[[ Source material open ]]

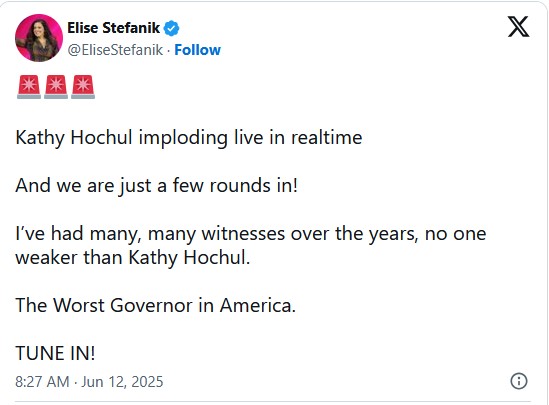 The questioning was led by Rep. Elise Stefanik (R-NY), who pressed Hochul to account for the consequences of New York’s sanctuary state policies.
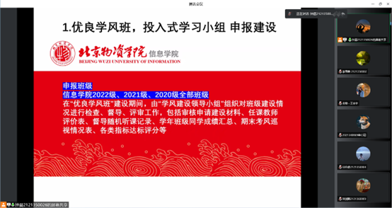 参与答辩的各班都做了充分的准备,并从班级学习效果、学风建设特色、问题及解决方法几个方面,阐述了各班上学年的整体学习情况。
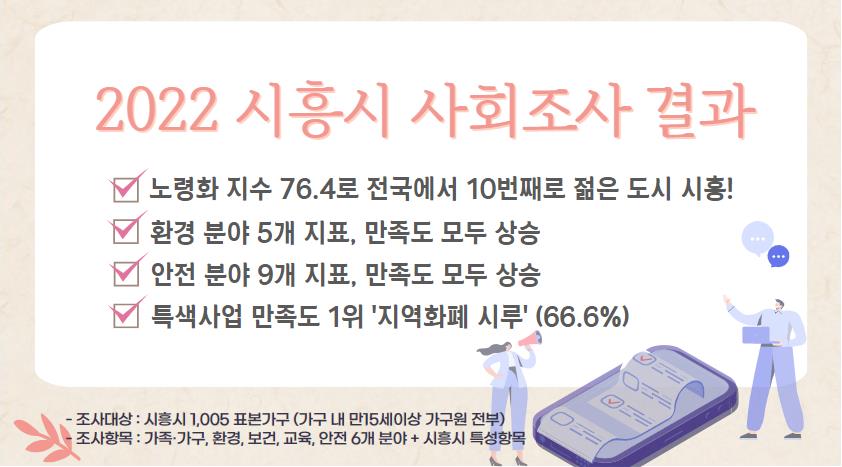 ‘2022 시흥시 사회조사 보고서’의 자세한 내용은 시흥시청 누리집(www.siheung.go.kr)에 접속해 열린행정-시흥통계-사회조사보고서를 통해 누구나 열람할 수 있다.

[[ Source material closed ]]
[[ Source material open ]]

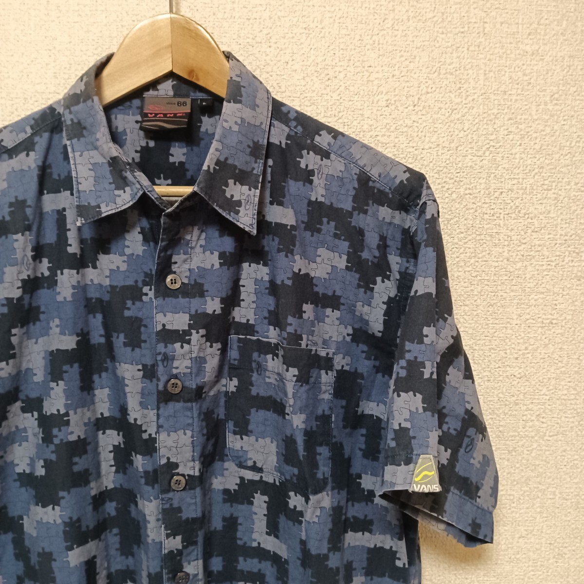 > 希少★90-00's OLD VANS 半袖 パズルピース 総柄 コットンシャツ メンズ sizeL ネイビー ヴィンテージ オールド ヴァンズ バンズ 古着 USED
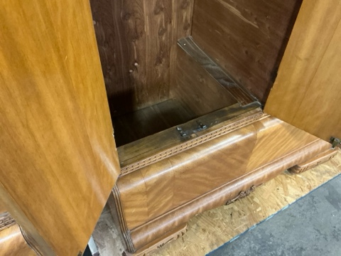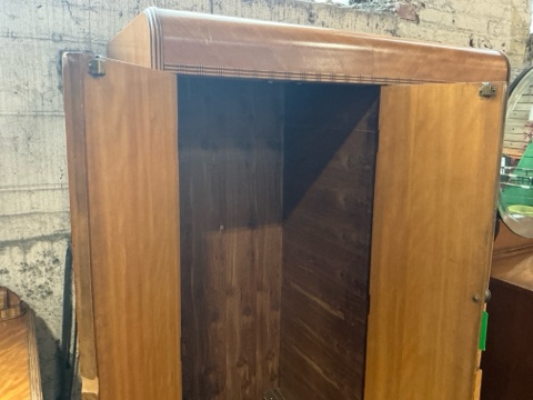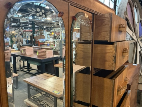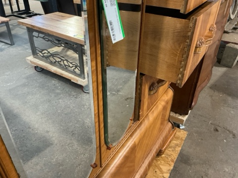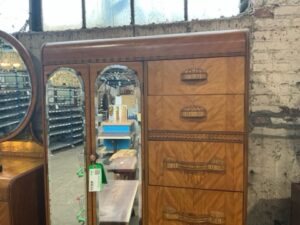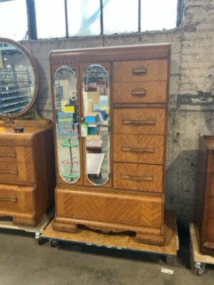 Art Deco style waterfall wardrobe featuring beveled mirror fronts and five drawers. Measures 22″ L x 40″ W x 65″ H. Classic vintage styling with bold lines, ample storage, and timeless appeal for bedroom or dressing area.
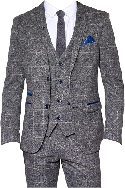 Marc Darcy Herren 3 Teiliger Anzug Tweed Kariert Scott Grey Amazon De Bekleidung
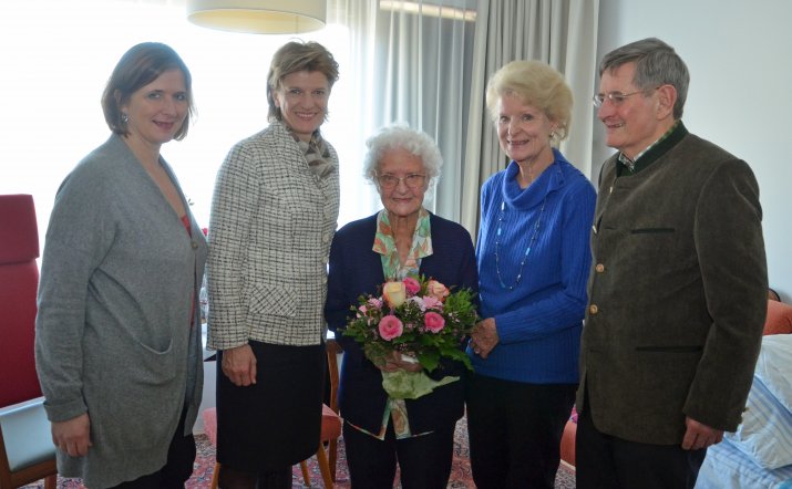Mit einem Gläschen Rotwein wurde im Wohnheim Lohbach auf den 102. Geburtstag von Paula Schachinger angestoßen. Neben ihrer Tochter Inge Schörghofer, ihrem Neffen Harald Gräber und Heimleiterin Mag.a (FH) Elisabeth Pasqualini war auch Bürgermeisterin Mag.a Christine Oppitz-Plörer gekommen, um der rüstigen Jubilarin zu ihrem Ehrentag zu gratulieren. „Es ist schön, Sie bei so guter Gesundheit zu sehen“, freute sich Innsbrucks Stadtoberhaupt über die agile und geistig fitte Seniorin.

[[ Source material closed ]]

- What the task requires
Leaving out the pictures, please output the lines in the entries above from the one with "Art Deco style" through the one with "Mit einem Gläschen", exactly as they are.

- Problem solution
 Art Deco style waterfall wardrobe featuring beveled mirror fronts and five drawers. Measures 22″ L x 40″ W x 65″ H. Classic vintage styling with bold lines, ample storage, and timeless appeal for bedroom or dressing area.
 Marc Darcy Herren 3 Teiliger Anzug Tweed Kariert Scott Grey Amazon De Bekleidung
Mit einem Gläschen Rotwein wurde im Wohnheim Lohbach auf den 102. Geburtstag von Paula Schachinger angestoßen. Neben ihrer Tochter Inge Schörghofer, ihrem Neffen Harald Gräber und Heimleiterin Mag.a (FH) Elisabeth Pasqualini war auch Bürgermeisterin Mag.a Christine Oppitz-Plörer gekommen, um der rüstigen Jubilarin zu ihrem Ehrentag zu gratulieren. „Es ist schön, Sie bei so guter Gesundheit zu sehen“, freute sich Innsbrucks Stadtoberhaupt über die agile und geistig fitte Seniorin.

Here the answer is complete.